===== Extracted material =====
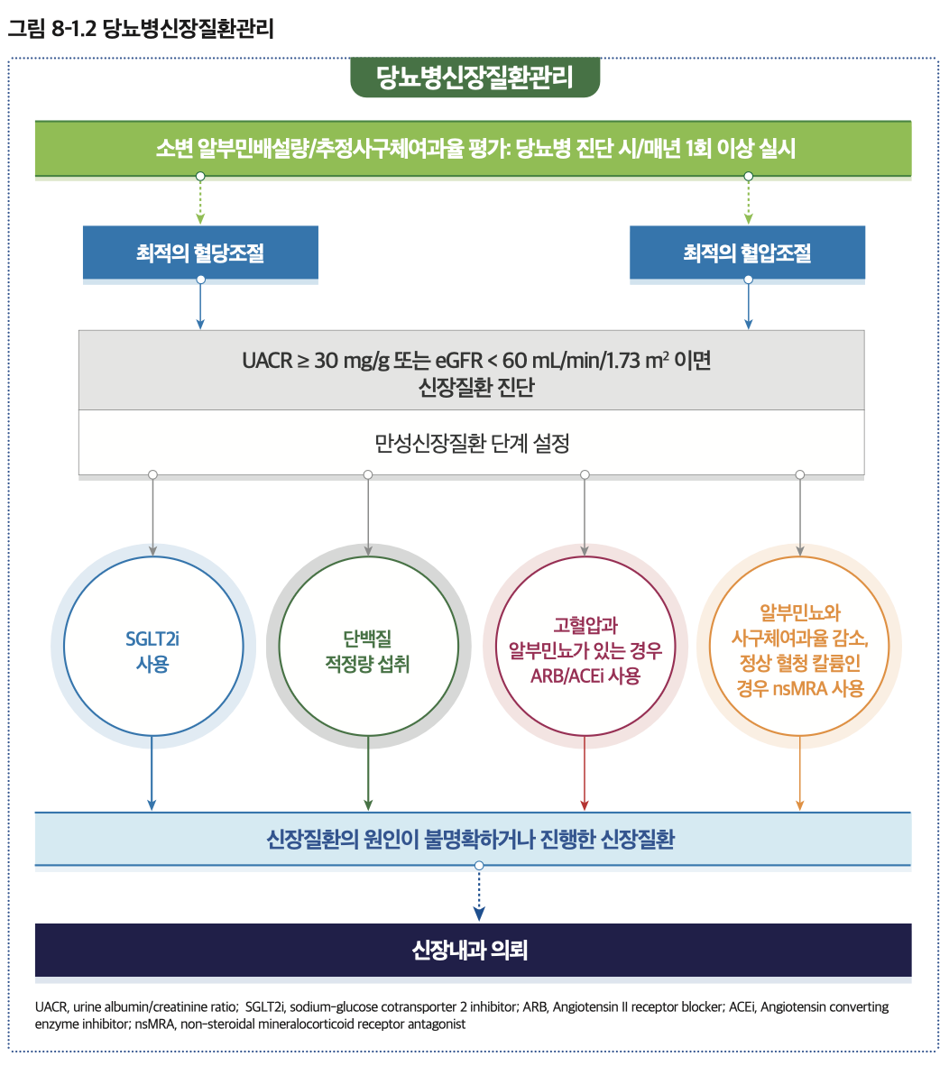 정의: 당뇨병으로 인한 만성 콩팥병; UACR ≥ 30 mg/g 또는 eGFR < 60 mL/min/1.73 m²가 3개월 이상 지속되는 경우
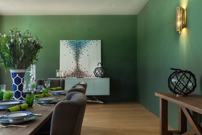 Вилла в Жуковке XXI — проект архитектора Ланы Гриневой (бюро PHD, Philosophy of Design) в жанре «дом под ключ». Обычно российские дома с готовым интерьером отличаются сдержанной палитрой с преобладанием бежевого, что вполне отражает среднестатистический российский вкус. Но здесь авторы рискнули: выбрали насыщенные зеленые и глубокие синие тона, а в столовой и спа использовали технику деграде: оттенки перетекают из темных в светлые, из зеленых в аквамарин и обратно.
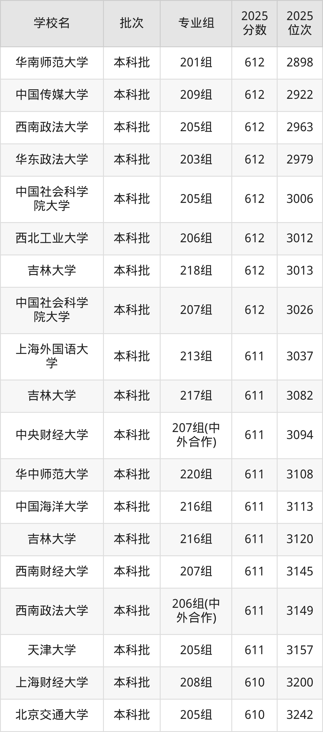 这些都是2026年高考历史类2598名~2753名考生可以报考的大学,更多学校名单如下表所示:
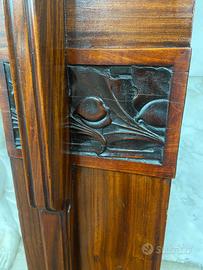 Imponente camino in legno con alzata misura 205x40 ed è alto 145 con l’alzata in altezza complessiva arriva a 220cm
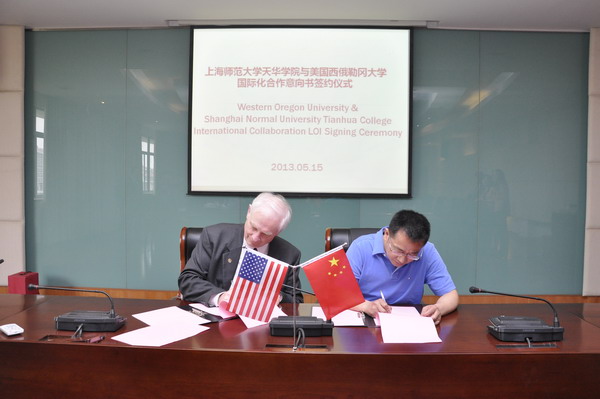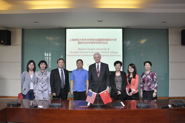| 2013年5月15日,在上海市对外教育交流中心的联络下,美国俄勒冈大学副校长Dr. Steve Scheck、国际部杨主任(Neng Chiang Yang)及上海市对外教育交流中心的领导等一行5人莅临我院进行访问并洽谈国际合作项目,双方签订了校际合作意向书。 | ||
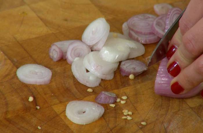 Шалот почистить и нарезать тонкими кольцами.
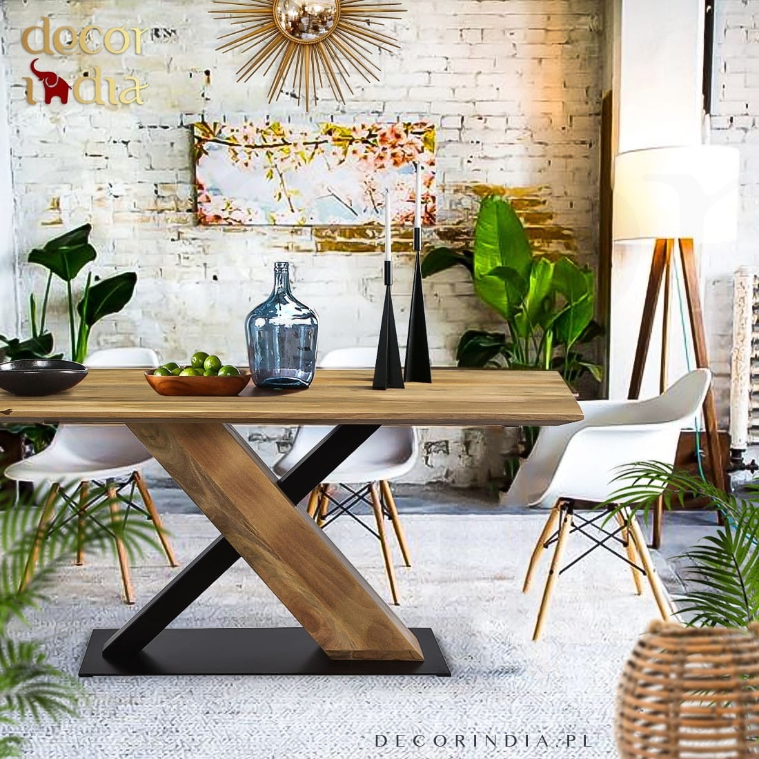 Elegancki stół jadalniany z włoskim designem z drewna mango i metalową podstawą
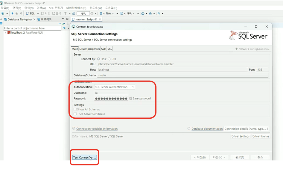 환경설정 창이 뜨면 Username 에 sa를 입력하고, Password에 앞서 설정한 패스워드를 입력한다.(아래 docker run 창 참조) 테스트 커넥션(Test Connection)을 선택하여 연결에 이슈가 없는지 확인한다. 문제가 없으면 connected라는 메세지가 뜬다.
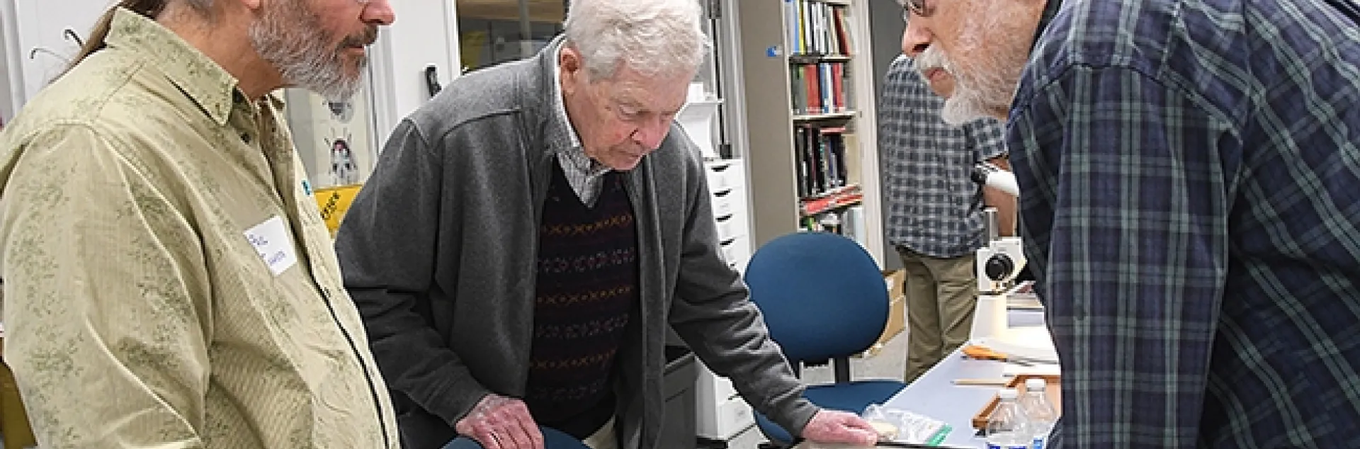 John Lane (left) and Larry Allen discuss specimens. At far right is Bill Patterson. (Photo by Kathy Keatley Garvey)
=====
Would you transcribe the lines above exactly, going from the line bearing "Вилла в Жуковке" through the line bearing "환경설정 창이 뜨면 Username", and drop the pictures from the copy?

 Вилла в Жуковке XXI — проект архитектора Ланы Гриневой (бюро PHD, Philosophy of Design) в жанре «дом под ключ». Обычно российские дома с готовым интерьером отличаются сдержанной палитрой с преобладанием бежевого, что вполне отражает среднестатистический российский вкус. Но здесь авторы рискнули: выбрали насыщенные зеленые и глубокие синие тона, а в столовой и спа использовали технику деграде: оттенки перетекают из темных в светлые, из зеленых в аквамарин и обратно.
 这些都是2026年高考历史类2598名~2753名考生可以报考的大学,更多学校名单如下表所示:
 Imponente camino in legno con alzata misura 205x40 ed è alto 145 con l’alzata in altezza complessiva arriva a 220cm
| 2013年5月15日,在上海市对外教育交流中心的联络下,美国俄勒冈大学副校长Dr. Steve Scheck、国际部杨主任(Neng Chiang Yang)及上海市对外教育交流中心的领导等一行5人莅临我院进行访问并洽谈国际合作项目,双方签订了校际合作意向书。 | ||
 Шалот почистить и нарезать тонкими кольцами.
 Elegancki stół jadalniany z włoskim designem z drewna mango i metalową podstawą
 환경설정 창이 뜨면 Username 에 sa를 입력하고, Password에 앞서 설정한 패스워드를 입력한다.(아래 docker run 창 참조) 테스트 커넥션(Test Connection)을 선택하여 연결에 이슈가 없는지 확인한다. 문제가 없으면 connected라는 메세지가 뜬다.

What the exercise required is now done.